Equation (1) shows that for groups with a wage greater than the MW level (W i  > MW) before the implementation of the MW, the wage remains the same after such implementation; whereas, for those with a wage lower than the MW level \( \left({W}_i^{*}\le MW\right) \) before the implementation, the wage increases to the MW level after such implementation. As a result, the average wage after the implementation of the MW should be a composite value affected by these two weights and expressed as follows:

$$ \begin{array}{l}1\mathrm{n}{\overline{W}}_{after}=\left[{\displaystyle \sum_{mw}\frac{(MW)}{N_{mw}}}\right]\ast \left(\frac{N_{mw}}{N}\right)+\left[{\displaystyle \sum_{N-{N}_{mw}}\frac{\left({W}_i\right)}{N-{N}_{mw}}}\right]\left(\frac{N-{N}_{mw}}{N}\right)\\ {}\kern1.5em ={\displaystyle \sum_{mw}(MW)*\frac{1}{N}}+{\displaystyle \sum_{N-{N}_{mw}}\left({W}_i\right)\ast \frac{1}{N}}\end{array} $$
(1.2)

The changes in the average wage before and after such implementation can be expressed as follows:

$$ \Delta \overline{W}=\frac{1}{N}\left[{\displaystyle \sum_{mw}\left(MW-{W}_i\right)}\right] $$
(1.3)

Equation (3) indicates that there are two reasons for the changes in average wage before and after the implementation of the MW: the number of workers with wages lower than the MW level and the gap between the actual wage and the MW level. Consequently, the gender wage gap before the implementation of the MW can be expressed as Eqs. (4) and (5):

$$ {\left(\frac{{\overline{W}}_f}{{\overline{W}}_m}\right)}^{before}=\frac{{\displaystyle \sum_{W_f\le MW}\left({W}_f\right)\ast 1/{N}_f+{\displaystyle \sum_{W_f>MW}\left({W}_f\right)\ast 1/{N}_f}}}{{\displaystyle \sum_{W_m\le MW}\left({W}_m\right)\ast 1/{N}_m+{\displaystyle \sum_{W_m>MW}\left({W}_m\right)\ast 1/{N}_m}}} $$
(1.4)
$$ {\left(\frac{{\overline{W}}_f}{{\overline{W}}_m}\right)}^{after}=\frac{{\displaystyle \sum_{W_f\le MW}(MW)\ast 1/{N}_f+{\displaystyle \sum_{W_f>MW}\left({W}_f\right)\ast 1/{N}_f}}}{{\displaystyle \sum_{W_m\le MW}(MW)\ast 1/{N}_m+{\displaystyle \sum_{W_m>MW}\left({W}_m\right)\ast 1/{N}_m}}} $$
(1.5)

The following assumptions are drawn based on a comparison between Eqs. (4) and (5). i. When the number of females is greater than that of males among workers having wages lower than the MW level before the implementation of the MW, and ii. When the gap between actual wages and the MW level for females is greater than that for males before the implementation of the MW, such an implementation may contribute to narrowing the gender wage gap at the low-wage distribution.

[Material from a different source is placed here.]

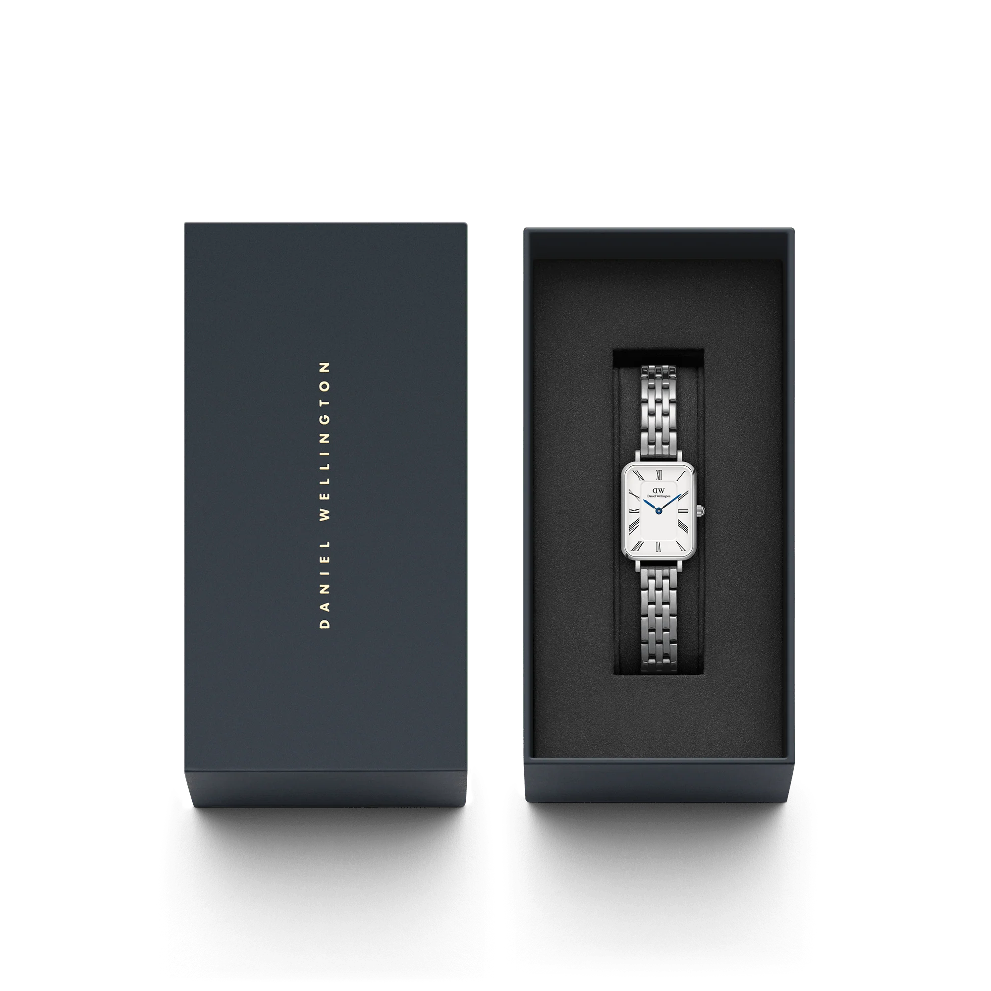 Original DANIEL WELLINGTON Watch Quadro Roman Numerals 5-Link Silver DW00100691 20x26mm

Because i. and ii. stated above are only assumptions, the implementation of the MW does not imply a certain reduction of gender wage gap in theory. Further investigations must be conducted with the following models.

  1. (2)

    Estimates of gender wage gap of regions by the MW level

Based on the MW level, we classified the samples into high MW regions, medium MW regions and low MW regionsFootnote 3 to estimate the wage function. The wage function is represented with Eq. (6).

$$ 1\mathrm{n}{W}_{ijt}={a}_{ijt}+\beta {X}_{ijt}+{\varepsilon}_{ijt} $$
(2.1)

In Eq. (6), i represents individual workers, t represents periods and j represents three categories of regions (high MW regions, middle WM regions and low MW regions). X is other variables affecting wages (such as education and work experience as a proxy for human capital, or male dummy variable), a is a constant, ε is an error term and β represents the coefficient estimates of variables. Using coefficients of the male dummy estimated by regional sub-groups, we compare the regional differentials of gender wage gaps.Footnote 4

To see the different effects by wage distribution, we adopt the Quantile Regression Model (Koenker and Baset 1978), which can be expressed as:

$$ \begin{array}{l}\underset{X\left(\theta \right)}{ \min}\left[{\displaystyle \sum_{h:1\mathrm{n}{W}_i\ge \beta \left(\theta \right){X}_i}\theta \left|1\mathrm{n}{W}_i-\beta \left(\theta \right){X}_i\right|}+{\displaystyle \sum_{h:1\mathrm{n}{W}_i<\beta \theta \Big){X}_i}\left(1-\theta \right)\left|1\mathrm{n}{W}_i-\beta \left(\theta \right){X}_i\right|}\right]\\ {}\kern25em {\rho}_{\theta}\in \left(0,1\right)\end{array} $$
(2.2)

In Eq. (7), i represents individual workers, and θ represents quantile of wages (1% quantile is expressed as 1th). The equation’s other variables are the same as those of Eq. (6). ρ θ (.) is a check (or indicator) function. The QR model is designed for estimation using the optimal method, which minimizes the two error terms in Eq. (7).

  1. (3)

    Decomposition model for the effects of the MW level on gender wage gaps

To decompose the effect on gender wage gaps, the Oaxaca-Blinder decomposition methodFootnote 5 (Oaxaca 1973; Blinder 1973) is commonly used. However, Cotton (1988); Neumark (1988) and Oaxaca and Ransom (1994) note that the Oaxaca-Blinder decomposition method using estimated coefficient and average values of males or females may lead to an index number problem. To address this problem, this paper adopts the Oaxaca-Ransom decomposition model (Oaxaca and Ransom 1994).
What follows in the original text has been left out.